Thu Jan 5 02:21:58 PST 2017

v_klochkov added a comment.

> Does it make sense to convert 512-bit operation ADDSUB to FMADDSUB with all-ones multiplier? What ICC does?

It is interesting idea, but it is unlikely that it can be very beneficial.
ICC does not generate 512-bit FMADDSUB(a, 1, b) when it does not have ADDSUB(a,b) because it just does not need plain 512-bit ADDSUB operations.

ADDSUBs are usually needed for Complex MUL and DIV operations and there they are always accompanied by float/double MUL operations, i.e. ICC generates FMADDSUBs and it never needs plain ADDSUBs (at least for targets with AVX512, where FMADDSUB is available).

================
Comment at: llvm/lib/Target/X86/X86ISelLowering.cpp:32057
+  const TargetOptions &Options = DAG.getTarget().Options;
+  bool AllowFusion =
+      (Options.AllowFPOpFusion == FPOpFusion::Fast || Options.UnsafeFPMath);
----------------
delena wrote:
> I see more checks in visitFADDForFMACombine. Can we take all these checks to a separate function? Something like isFMALegalAndProfitable().
Having such function is a good thing to have, but such function might be debatable and I do not want to complicate this change-set.
Perhaps such function should be added in a separate change-set.

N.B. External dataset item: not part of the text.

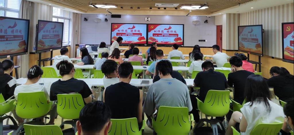 活动中,大家通过唱一首歌曲、听一堂好课、诵一段经典、讲一个故事、谈一番感受“五个一”体会师德的重要和责任。

Also, the function visitFADDForFMACombine() is shared for various target architectures, thus it needs much more checks.
The check here (in X86 part) seems sufficient.

================
Comment at: llvm/test/CodeGen/X86/fmaddsub-combine.ll:19
+  %Addsub = shufflevector <2 x double> %Sub, <2 x double> %Add, <2 x i32> <i32 0, i32 3>
+  ret <2 x double> %Addsub
+}
----------------
delena wrote:
> I don't understand the dependency you show in the test.
> I suppose that FMADDSUB test should be like this:
> 
>   %AB = fmul <2 x double> %A, %B
>   %Sub = fsub <2 x double> %AB, %C
>   %Add = fadd <2 x double> %AB, %C
>   %Addsub = shufflevector <2 x double> %Sub, <2 x double> %Add, <2 x i32> <i32 0, i32 3>
> 
> Do you check the "fast" attribute of the operation itself? Or you rely on global options only?
> 
This code relies on global options only. 
This is my first experience of work on SDNodes..., please fix me if I am wrong..., but SDNodes do not have FastMathFlags, right?

https://reviews.llvm.org/D28087